Message withdrawn at poster's request.

madwomanintheattic Thu 06-Sep-12 19:21:45

yar. how very dare you try to confirm support is in place for your child next week.


AgnesDiPesto Thu 06-Sep-12 19:29:20

The law says that you have an absolute right to mainstream unless it is an inefficient use of resources (which the provision you describe is not) or incompatible with education of other children. If they argue this the LA has a duty to do everything reasonably possible to make it compatible eg put in extra staff, funding, resources to make it compatible for her to go.

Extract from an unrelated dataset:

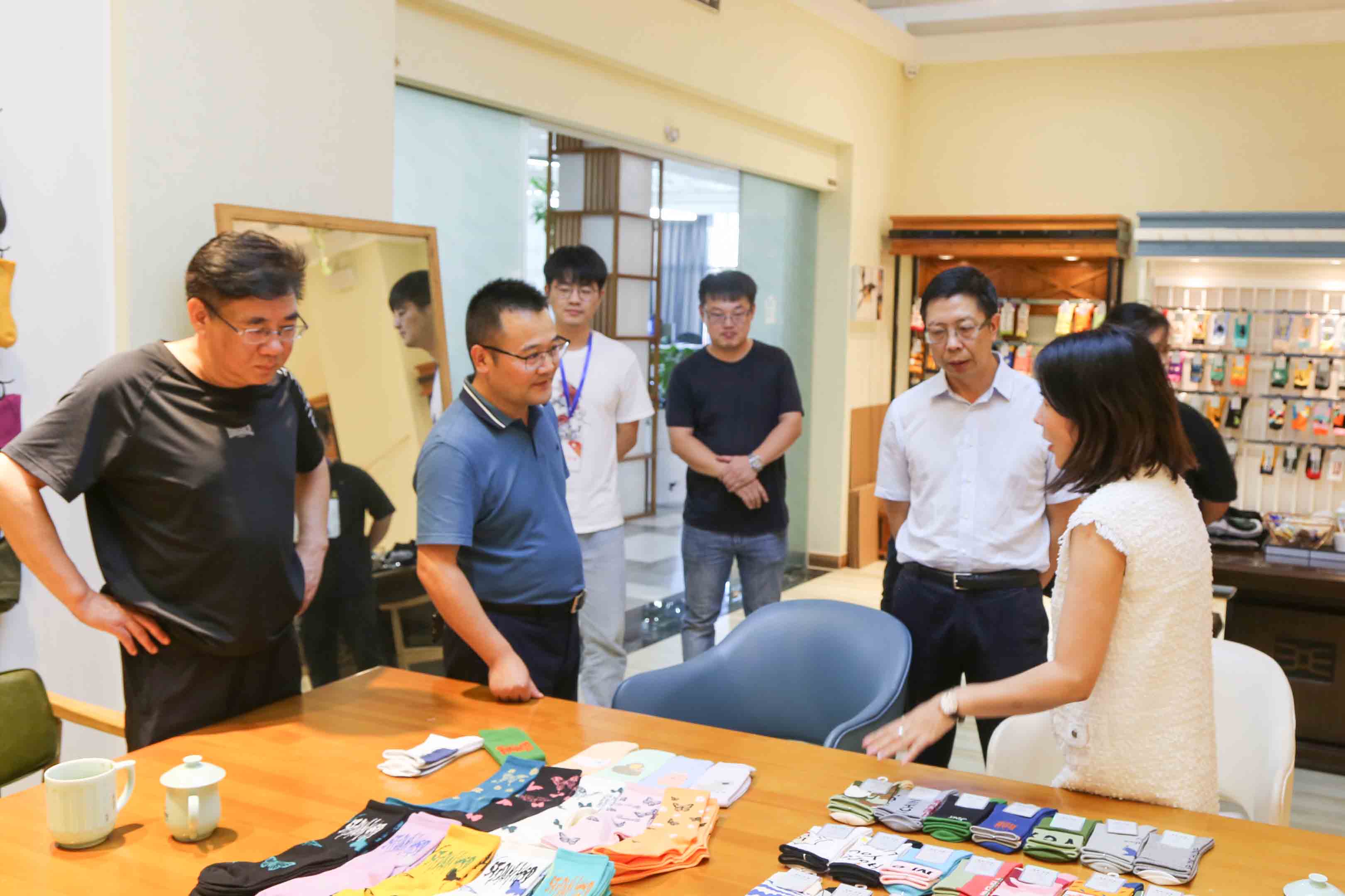 当天下午,院长徐光辉、党委书记潘国忠、副院长袁志刚一行到浙江凯诗利科技有限公司、诸暨天新针纺有限公司、诸暨幸承针织厂和大唐袜艺学院产学研基地看望实习实训学生,并亲切座谈交流。

The LA can make the school take her.

You should explain to the LA officer that if this school does not accept DD2 that as you do not drive and DD2 would have to go to a different school than DD1 the statement will need to include SN transport for DD2 to go to any other school. The idea the LA will have to pay more for her to go anywhere else is likely to make the LA tell the school to take her.

Lougle Thu 06-Sep-12 19:33:18

"I dont drive, in fact, i was told yesterday not to by my GP (who is also on the board of governors, fuck)..."

That, I wouldn't be comfortable with. Sorry.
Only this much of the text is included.